Monday, February 09, 2009


Here's another piece that I started writing in Goa. It's incomplete, but I need to post something:

I saw a puppy playing on the beach this afternoon. He was adorable, especially when he discovered a tiny red ball, about the size of a grape. His look of curiosity, then, when he picked it up carefully with his tiny teeth, his look of jealous possession, reminded me of a little child. His master ran after him, finally caught up and took away the ball, and scolded the mischievous boy, who put his head down onto the sand with eyes pleading for forgiveness.

Tonight, as I sit at my beach shack, sharing a beer and stories with other travelers, my attention turns to another dog, an older one sleeping a few feet away. He's got it all, the lazy bugger, with no worries: a place to sleep, plenty of food judging by his size, and lots of friends at nearby shacks. Then, he does something that makes me wonder just how far apart animals and humans really are.

Every night at around 9, when the sky is finally dark, fireworks signal a party somewhere down the beach. Tonight, I see the dog at my feet waking up to watch the exploding display, just like his human companions. He doesn't look scared or confused. He seems to enjoy the show. He sits up erect, eyes wide open, and as a rocket trails up into the air, he leans forward, expecting the explosion. When the rocket does explode, he sits back, his eyes saying "ooh" along with his human companions.

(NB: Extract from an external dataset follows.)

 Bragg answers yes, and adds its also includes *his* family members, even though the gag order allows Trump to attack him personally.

Any pet owner will tell you that animals have emotions. Maybe not as many as we have, maybe not as complex as ours are, maybe without the ability to express them as clearly as we do, but they are real. Can a cat or dog truly love somebody or apologize for a transgression? I think yes.

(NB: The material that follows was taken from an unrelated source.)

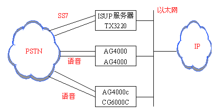 系統(tǒng)中ISUP服務(wù)器通過(guò)SS7鏈路和PSTN連接,通過(guò)IP網(wǎng)絡(luò)和語(yǔ)音處理機(jī)連接,這兩個(gè)連接傳送的是信令信號(hào)。語(yǔ)音處理機(jī)通過(guò)話路和PSTN連接,這個(gè)連接傳輸?shù)氖钦Z(yǔ)音。

Anyone who has observed humans can tell you that we act on our basic, animal instincts more often than not. Just the other day, I paused to watch children playing in front of a school. Two boys got into some sort of argument (I couldn't hear or understand what it might have been about), and each grabbed the other by the throat. And they just stood there at arm's length, holding on tight, staring the other down without a word. And I thought, how similar are their eyes and expressions to two animals squaring off?

Surely humans are different from animals. But what happens when humans are treated like animals? 

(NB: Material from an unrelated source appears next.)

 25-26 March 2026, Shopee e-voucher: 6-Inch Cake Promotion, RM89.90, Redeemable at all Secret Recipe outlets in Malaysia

On our campus, there is a lot of construction taking place. Every day I walk past the future gym, which is rising fast. The construction site, like everything else here, is on the side of a hill, so there are no easy roads to bring in materials. Which is why, from the road to the site, there is a path on which donkeys haul stone and sand all day long. You wouldn't want to walk up that steep path, covered in animal waste and beaten down by hooves. Thing is, there are plenty of men walking up that path, men with loads of brick strapped to their backs. Walking at the same pace and doing the job as the donkeys. All day long they go up and down, to the point of exhaustion, back and forth. The only difference between man and beast is that no one yells and wields a stick when the men slow down.

People wonder how the pyramids and other wonders of the world were built before the advent of heavy machinery. The answer is simple. Take a massive number of poor people, enslave them (or pay them a pittance, what's the difference), and make them work.

On another construction site, I've seen men squatting on the road, hammer in hand, breaking up large stones into smaller ones. All day long. And on another, men and women mixing sand into cement and carrying it up a path on their heads. 

Maybe when they go home at night (which is often a plastic-roofed shack on the construction site), these people laugh and talk about the future and have the same look of wonder that I saw on the dogs' faces at the beach. But at work, during the day in the sun, there is very little to separate them from beasts of burden.